Welcome to the
Complex Networks Labs
where we explore the intricate world of complex networks.
Navigating Complexity, Unraveling Networks. Connecting Nodes, Illuminating Pathways. From Nodes to Networks: Mapping Complexity, Predicting Futures. |
What is Complex Networks?
Complex networks serve as models for real-world systems by utilizing sets of nodes and edges to represent elements and their interactions, respectively. These systems encompass a wide array of examples such as electric power grids, airlines, social networks, the World Wide Web, the Internet, and biological networks. Predicting the collective behavior of these networks solely from their individual components is often infeasible. However, comprehending the mathematical framework governing these systems enables us to forecast and potentially regulate their behavior and evolution. Our research delves into employing mathematical and computational tools to delve into these systems. Specifically, we aim to model, analyze, and predict their structures and dynamic evolution, while also addressing algorithmic challenges posed by their vast scale. Networks permeate both natural and technological realms, serving as a crucial framework for understanding complex systems. Ecological systems, the human brain, and various communication and transportation systems exemplify this ubiquity. Through network studies, we uncover fundamental laws and patterns that underlie a diverse array of networks, spanning nature and society. Our efforts focus on pioneering methodologies to reveal the organizational structure and functional patterns within complex networks, which have wide-ranging applications. Alongside data-driven analyses, we actively contribute to international endeavors aimed at advancing our foundational mathematical understanding of networks.

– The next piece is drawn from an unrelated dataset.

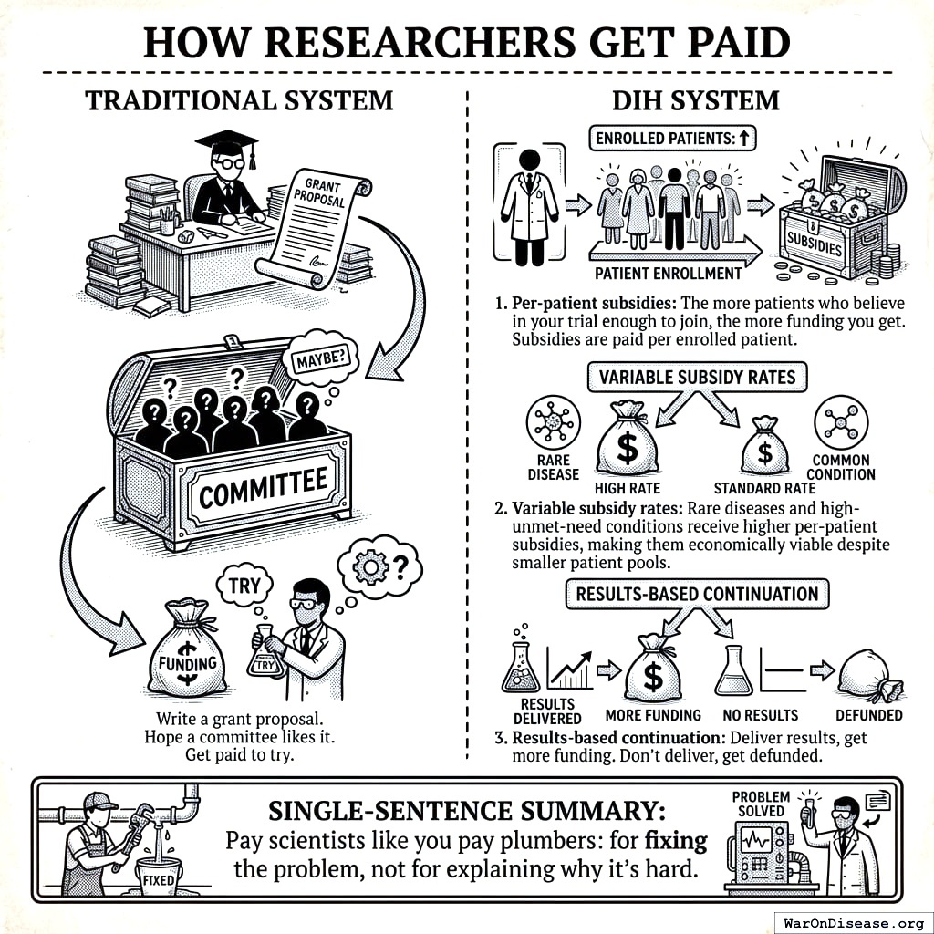 Every dollar flows based on results, not promises. Patients vote with their enrollment. Researchers get paid for attracting them. Things that work get more funding. Things that don’t get defunded. Nobody gets paid for writing grant proposals or publishing papers about why their research might work someday. This is how every other industry works. You pay contractors when they build the house, not when they promise to. You pay farmers when they grow the food, not when they apply for a farming license. Medicine went the other way (for reasons nobody can explain, and which I suspect don’t exist).

Our research explores the fascinating intersection of social media and collective identity. We delve into the influence of automated accounts, or “bots,” on online discourse. These bots can mimic human behavior, but some, known as social bots, have a more concerning purpose: swaying public opinion. To identify these social influencers, we utilize a powerful tool called Botometer. Once unmasked, we analyze the content these bots spread to understand their impact on online conversations and the collective identity they help shape.
Brain networks
Network neuroscience is an attempt to take neuroscience from the study of individual brain units to a network-level investigation. This is promising since the brain is one of the most complex systems, comprising nearly 10 billion neurons connected by about 100 trillion synapses. Thus, as a complex network, interactions among brains’ units are nontrivial for sure. Here our goal is to better understand and computationally model these interactions. Join us on our journey to discover more about the surprising interactions underlying the beauty of complex brain networks!
Quantum Complex Network
Quantum complex networks are networks in which the nodes, links or other parameters of the network are quantum states. These networks have been identified as a potential solution to non-locality problems, parallel processing that exists in many real phenomena such as brain networks, finance, social and biology, etc. The collective behavior that arises as a result of this entanglement and the systemic risk arising from it in financial market networks are two key areas of interest. Furthermore, quantum mechanics has been employed to develop secure communication channels that are resilient to hacking. Quantum communications present the possibility of providing secure solutions at an enterprise-scale. This entanglement results in the emergence of new quantum transitions within the system, which can be identified through this lens.
Theoretical Complex Systems
When we say a complex system, we mean that there is so much information in this system that the usual models derived from reductionism, do not work perfectly. Typically, different models are presented to describe these systems depending on their scale, which predicts the behavior of this system at that scale. Social networks are also known as complex systems, which means that the models presented in this branch can not fully explain the real social systems. However, scientists working in this field have not given up trying to better understand these systems and are trying to build and improve their cognitive methods.